Urinary MBL measurement by enzyme-linked immunosorbent assay (ELISA)
On the day of renal biopsy, morning urine samples of IgAN patients were collected to measure urinary MBL and creatinine excretion. The urine samples were centrifuged at 769 g for 10 min to remove cellular components and the supernatant was frozen at −80°C until tested. Spot morning urine samples from healthy individuals were also collected and prepared in the same manner as for patients.
ELISA kits designed for human MBL (USCN Life Science, Inc., Missouri City, TX, USA) were used for detecting urinary MBL. This is a sandwich ELISA kit specific for the human MBL in which the polystyrene 96-well microtitre plate was precoated with a monoclonal antibody specific for MBL. Standards or urine samples were then added to the appropriate microtitre plate wells with a biotin-conjugated polyclonal antibody preparation specific for MBL. Next, avidin conjugated to horseradish peroxidase (HRP) was added to each microplate well and incubated.
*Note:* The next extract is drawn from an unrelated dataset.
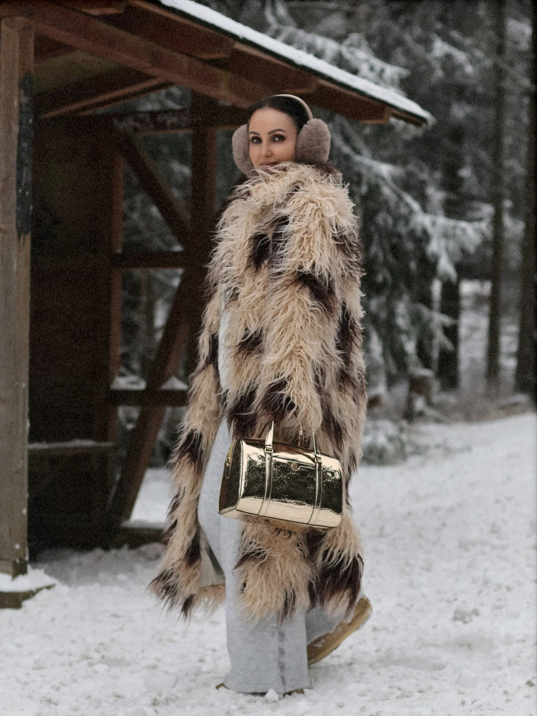 Snowfall backdrops demand statement pieces that merge warmth with glamour. This beige shaggy textured coat delivers both, cascading down to ankle length while creating a cozy silhouette. Paired with fluffy earmuffs and metallic gold clutch, the outfit balances practicality against sophisticated winter styling. Light-colored pants complement the neutral palette, allowing the coat’s dramatic texture to shine as the focal point of this cold-weather look.

A 3,3′,5,5′-tetramethylbenzidine (TMB) substrate solution was then added to each well. The enzyme–substrate reaction was terminated by the addition of a sulphuric acid solution and the colour change was measured at a wavelength of 450 nm wavelength with a Model 680 Microplate Reader (Bio-Rad Laboratories K.K., Tokyo, Japan). The concentration of MBL in the samples was then determined by comparing the optical density (OD) of the samples to the standard curve, and expressed in ng/ml. The minimum detectable dose of human MBL of the kit was 0·28 ng/ml, and the detection range was 0·94–60 ng/ml. The measurement of urinary MBL was normalized for urinary creatinine (uCr) concentration (expressed as ng/mg uCr), and the ratios of urinary MBL to uCr were used for analysis.
Statistical analysis
Continuous data were analysed descriptively by using mean ± standard deviation (s.d.). Categorical data were described as absolute frequencies and percentages. χ2 test, independent t-test, one-way analysis of variance (anova) and the Mann–Whitney U-test were used for comparison of all the clinical and histopathological data, and Spearman's correlation was applied for correlation analysis. All the analyses were performed with spss version 16·0 (SPSS, Inc., Chicago, IL, USA), and a two-tailed P-value ≤0·05 was considered statistically significant.
Results
Characteristics of IgAN patients
The clinical characteristics of IgAN patients among different groups are described in Table 1. No significant differences were detected in mean age, sex and rate of loss to follow-up among three groups. The levels of SCr presented a significant increase as the histopathological phenotypes aggravated, whereas the levels of eGFR went in the opposite direction. There were no significant differences between groups 1 and 2 in the ratio of patients with hypertension and urinary protein excretion, but the two parameters were significantly higher in group 3 than those in groups 1 and 2. The remission ratio was not significantly different between groups 1 and 2, but was significantly lower in group 3.
Table 1.
Clinical characteristics of IgAN patients
| P-value | ||||||
|---|---|---|---|---|---|---|
| Group 1 (n = 49) | Group 2 (n = 63) | Group 3 (n = 50) | 1 versus 2 | 1 versus 3 | 2 versus 3 | |
| Mean age (years) | 33·51 ± 11·07 | 36·41 ± 11·91 | 35·98 ± 12·59 | 0·461 | 0·661 | 0·997 |
| Male/female | 26/23 | 25/28 | 31/19 | 0·552 | 0·368 | 0·131 |
| Hypertension | 9/49 | 13/63 | 35/50 | 0·764 | <0·001 | <0·001 |
| SCr (µmol/l) | 66·69 ± 18·16 | 88·60 ± 46·65 | 253·34 ± 197·57 | 0·003 | <0·001 | <0·001 |
| eGFR (ml/min/1·73 m2) | 121·42 ± 26·42 | 93·78 ± 34·59 | 42·45 ± 31·11 | <0·001 | <0·001 | <0·001 |
| Proteinuria (g/24 h) | 1·71 ± 2·38 | 1·93 ± 2·04 | 4·14 ± 3·11 | 0·938 | <0·001 | <0·001 |
| Loss to follow-up | 3/49 | 6/63 | 8/50 | 0·511 | 0·118 | 0·299 |
| Remission | 39/46 | 39/57 | 7/42 | 0·054 | <0·001 | <0·001 |
IgAN: immunoglobulin A nephropathy; SCr: serum creatinine; eGFR: estimated glomerular filtration rate.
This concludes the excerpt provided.